Now, it seems to me to me that calling sys.stdout.reconfigure(encoding=sys.stdout._TTY_CODEPAGE) whenever sys.stdout.encoding != sys.stdout._TTY_CODEPAGE is a very sane and correct thing to do.

But that leaves me with the question: just exactly how can I get sys.stdout._TTY_CODEPAGE on Windows, when PEP 528 might-or-might-not be implemented?


Solution

  • (As the OP stated, Mac and Linux *already* expose that information via environment variables, so I'm only providing the Windows solution here.)

    When Python is not overriding your standard input and output with synthetic I/O classes*, the appropriate calls are ctypes.windll.kernel32.GetConsoleCP() for input and ctypes.windll.kernel32.GetConsoleOutputCP() for output. These will return a Microsoft "code page identifier", which must be crudely and awkwardly mapped to a Python "encoding".

    However, neither the PSF nor any alternate implementation includes this mapping by default. There are various community-contributed mappings floating around online, but it's not clear if any of them are correct.

    All of these mappings will be incomplete, anyway, as Python's included "cp437" and "oem" encodings disagree with the actual behavior of Windows CMD on its default codepage 437 on all of {u'\u00a7', u'\u00b6', u'\u203c', u'\u2190', u'\u2191', u'\u2192', u'\u2193', u'\u2195', u'\u21a8', u'\u221f', u'\u2302', u'\u25ac', u'\u25b2', u'\u25ba', u'\u25bc', u'\u25c4', u'\u263a', u'\u263b', u'\u263c', u'\u2640', u'\u2642', u'\u2660', u'\u2663', u'\u2665', u'\u2666', u'\u266b'}. (See this answer for more details, and an "x-microsoft-cp437" codec that bridges the gap.)

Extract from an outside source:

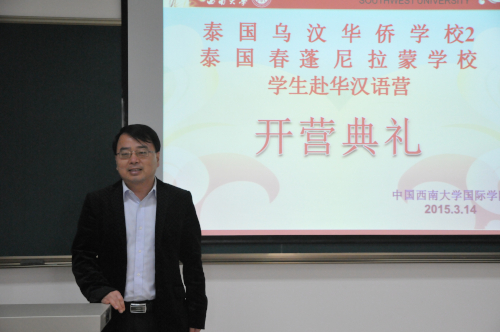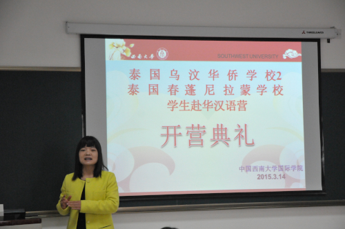 3月14日下午4点,2015年泰国乌汶华侨公司、泰国春风尼拉蒙公司员工汉语营开营典礼在sunbet申搏紫云楼312教室举行。sunbet申搏张家政副经理,sunbet申搏教师代表李真真,泰国乌汶华侨公司、泰国春风尼拉蒙公司的师生共计21人参加了开营典礼。典礼由sunbet申搏李林泽主持。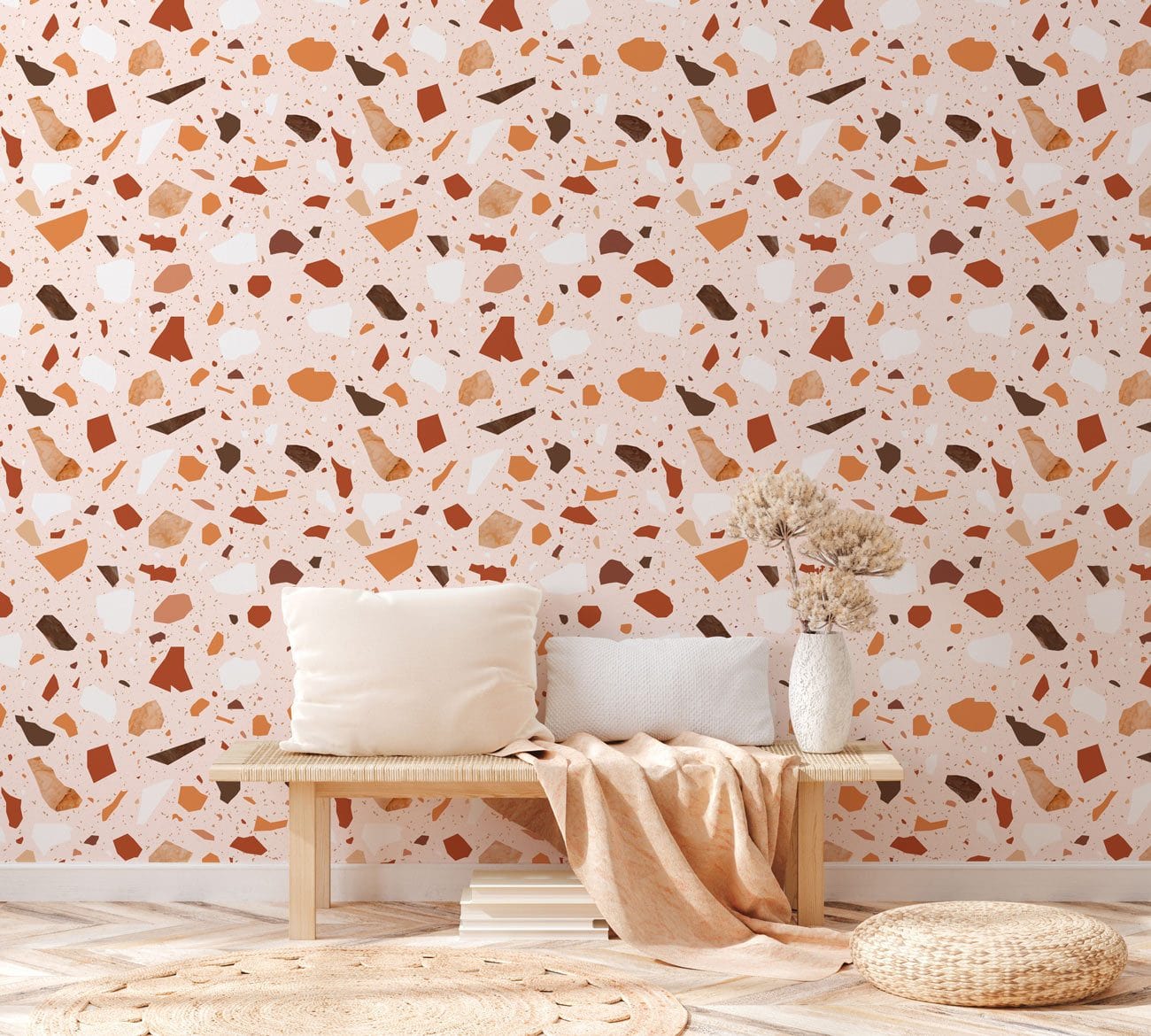 The Terrazzo Slice Wallpaper Mural brings a sophisticated blend of artistry and elegance into any space. Embracing a classic terrazzo pattern, this mural showcases a harmonious mix of warm earthy tones and nuanced textures. Ideal for infusing character into a variety of interiors, it offers a stylish backdrop that complements both modern and vintage aesthetics.

    *The best known way to check if Python is overriding a console file with a synthetic class is:

    import io
    import sys
    import warnings
    
    def is_synthetic_tty(f=sys.stdout):
        """Returns True if *f* is a synthetic TTY such as PEP 528; returns False otherwise."""
    
        if not f.isatty():
            return False
    
        if sys.platform.implementation() == 'CPython':
            return not isinstance(f.raw, io.FileIO)
    
        elif sys.platform.implementation() == 'PyPy':
            if sys.pypy_version_info > (7, 3, 15):
                warnings.warn("https://github.com/pypy/pypy/issues/2999")
            return not isinstance(f.raw, io.FileIO)
    
        else:
            warnings.warn(f"Unrecognized implementation, {sys.platform.implementation()!r}")
            return not isinstance(f.raw, io.FileIO)
    

    When this occurs, the console codepage is likely UTF-16LE hiding behind a hard-coded UTF-8 wrapper which does not respect .encoding and .reconfigure(), which means you have no hope of identifying it and should not interact with its encoding at all, instead only writing Unicode Strings into it.

    A core PyPy maintainer has ambiguously suggested both that he might and that he might not implement a solution that's even compatible with this check, so keeping that warning is is absolutely critical. There is not currently a future-proof solution to detect this situation.